Preferential Treatment. The Investment Manager and/or Sub-Adviser receive more compensation with respect to certain funds or Other Accounts than it receives with respect to the Fund, or receives compensation based in part on the performance of certain accounts. This creates a conflict of interest for the Investment Manager and Sub-Adviser and their portfolio managers by providing an incentive to favor those accounts. Actual or potential conflicts of interest also arise when a portfolio manager has management responsibilities to more than one account or fund, such as devotion of unequal time and attention to the management of the funds or accounts.
JPMorgan and its affiliates have entered into arrangements with service providers that include fee discounts for services rendered to JPMorgan and its affiliates. For example, certain law firms retained by JPMorgan or one or more of its affiliates discount their legal fees based upon the type and volume of services provided to JPMorgan or its affiliates. The cost of legal services paid by the Fund is separately negotiated and is not included in the negotiation or calculation of the JPMorgan rate and, as a result, the fees that are charged to the Fund typically reflect higher billing rates. In the event legal services are provided jointly to JPMorgan or its affiliates and the Fund with respect to a particular matter, the Fund and JPMorgan or such affiliates will each bear their pro rata share of the cost of such services which may reflect the JPMorgan discount or a higher rate, depending on the facts and circumstances of the particular engagement.

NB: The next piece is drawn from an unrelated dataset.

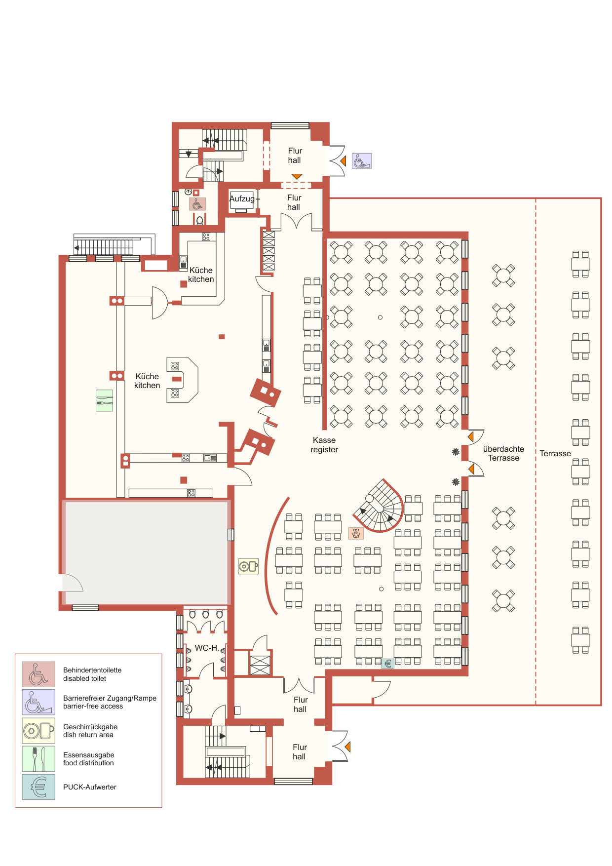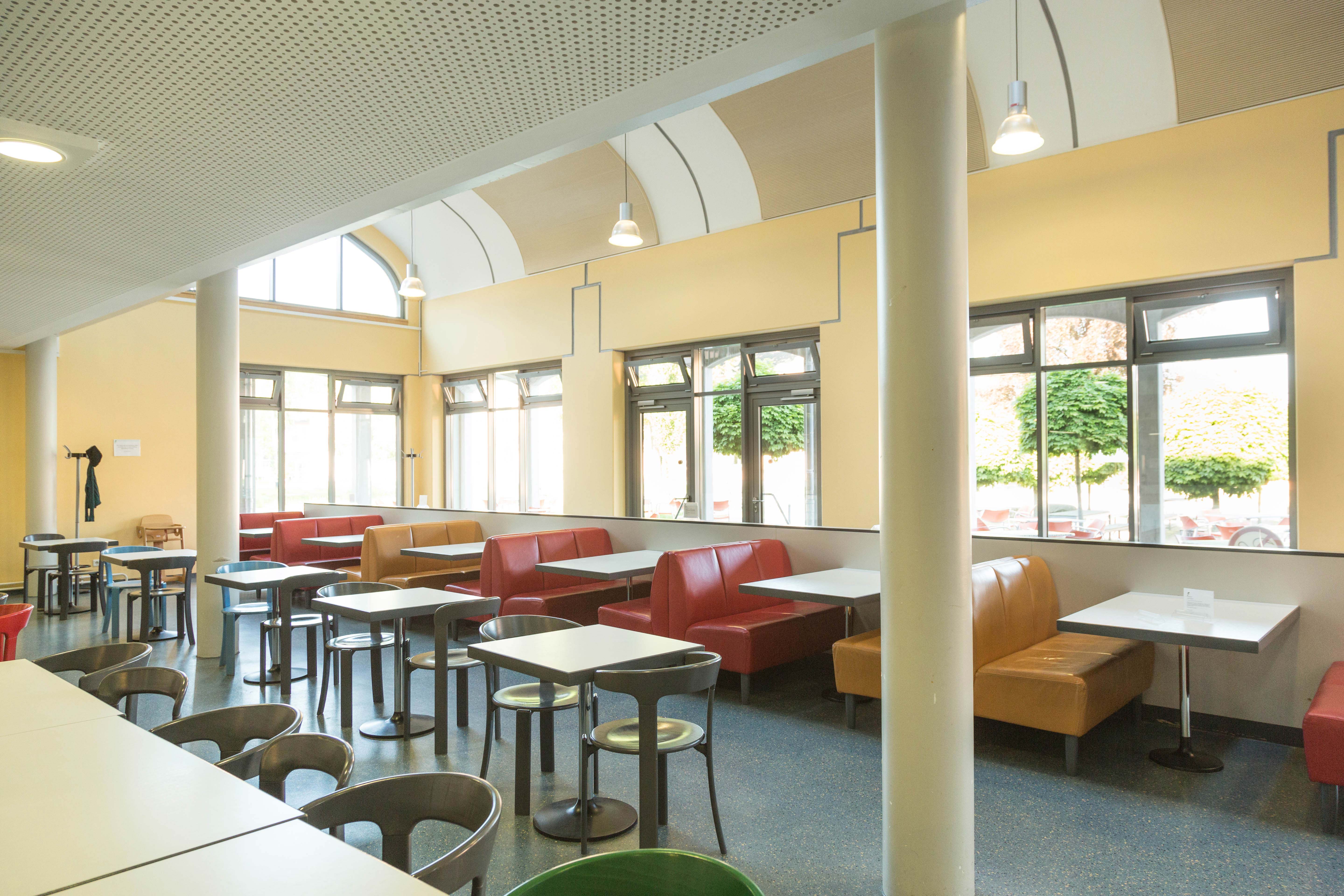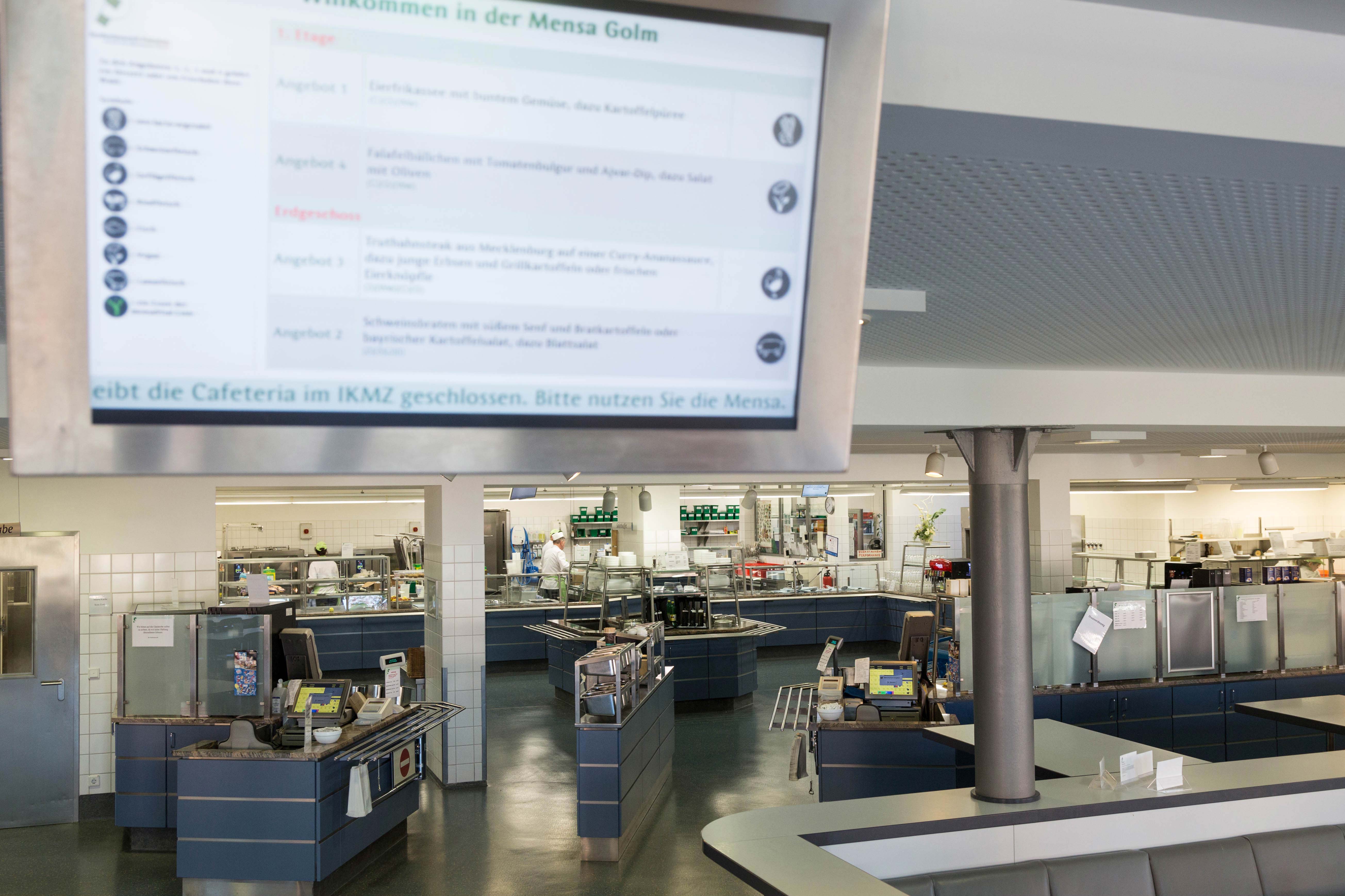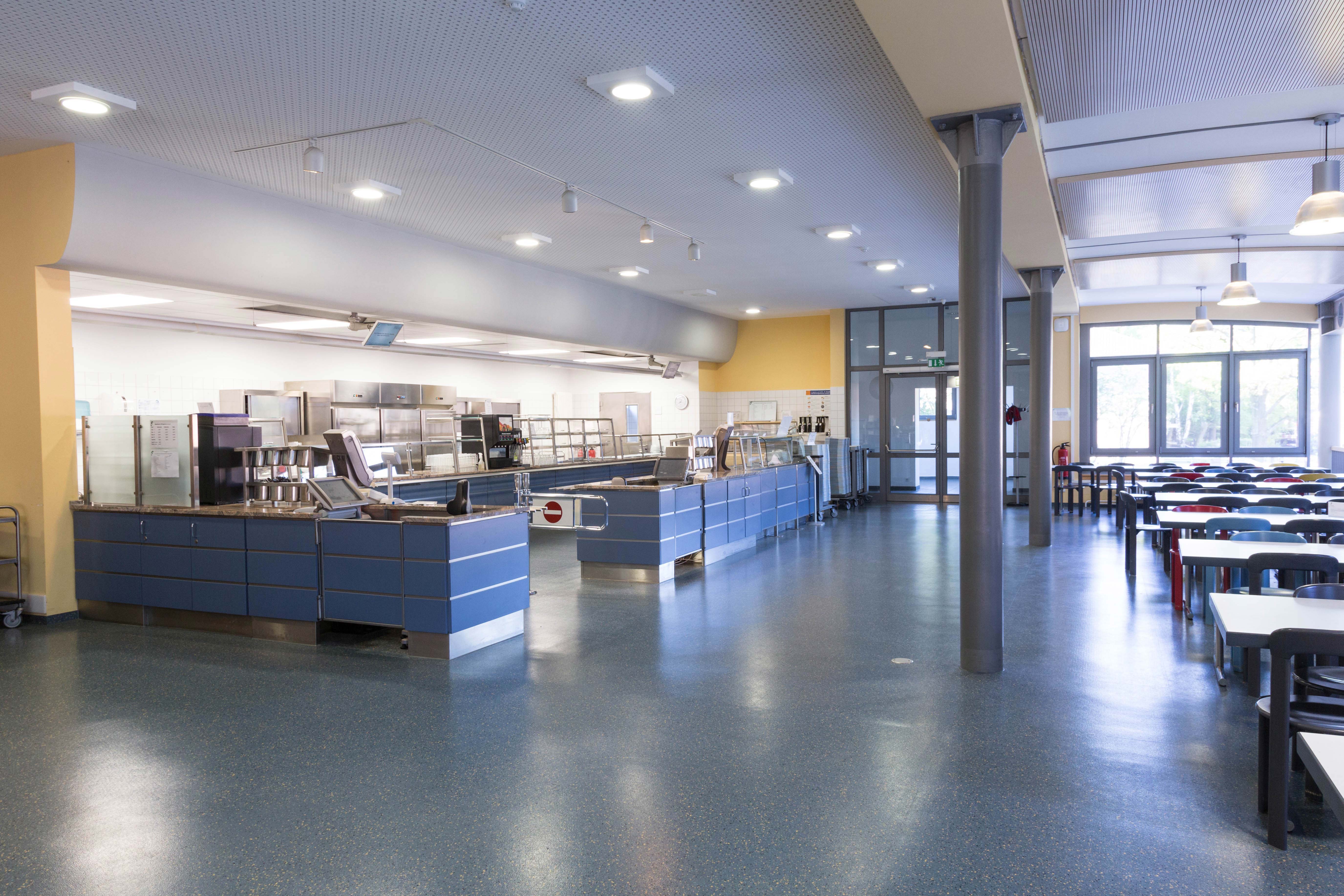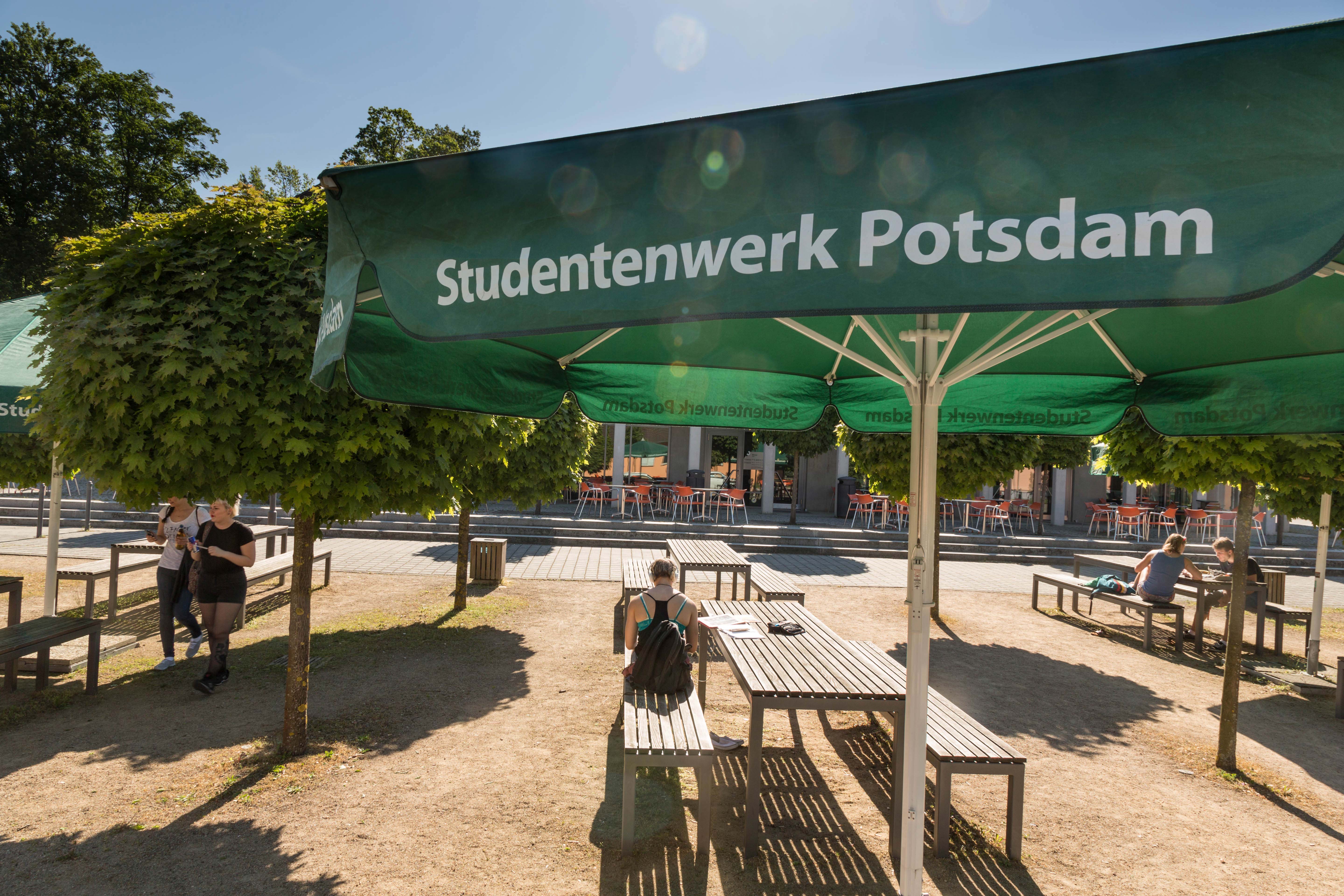 Unsere Mensa am Wissenschaftsstandort Golm liegt direkt auf dem Campus der Universität Potsdam, eingebettet zwischen Hörsälen und studentischen Wohnanlagen. Die Mensa bietet viel Platz auf zwei Ebenen. Das Gebäude ist komplett mit einem Arkadengang umschlossen, so dass bei fast jedem Wetter im Freien gegegessen werden kann. Auf einer weiträumigen Terrasse lässt sich das Mittagessen draußen bei warmen Temperaturen genießen.

Allocation and Aggregation. Potential conflicts of interest also arise with both the aggregation of trade orders and allocation of securities transactions or investment opportunities. Allocations of aggregated trades, particularly trade orders that were only partially filled due to limited availability, and allocation of investment opportunities raise a potential conflict of interest because JPMorgan has an incentive to allocate trades or investment opportunities to certain accounts or Funds. For example, JPMorgan has an incentive to cause accounts it manages to participate in an offering where such participation could increase JPMorgan’s overall allocation of securities in that offering. In addition, JPMorgan has an incentive to allocate assets of the Fund to an underlying fund that is small, pays fees to JPMorgan or to which JPMorgan has provided seed capital.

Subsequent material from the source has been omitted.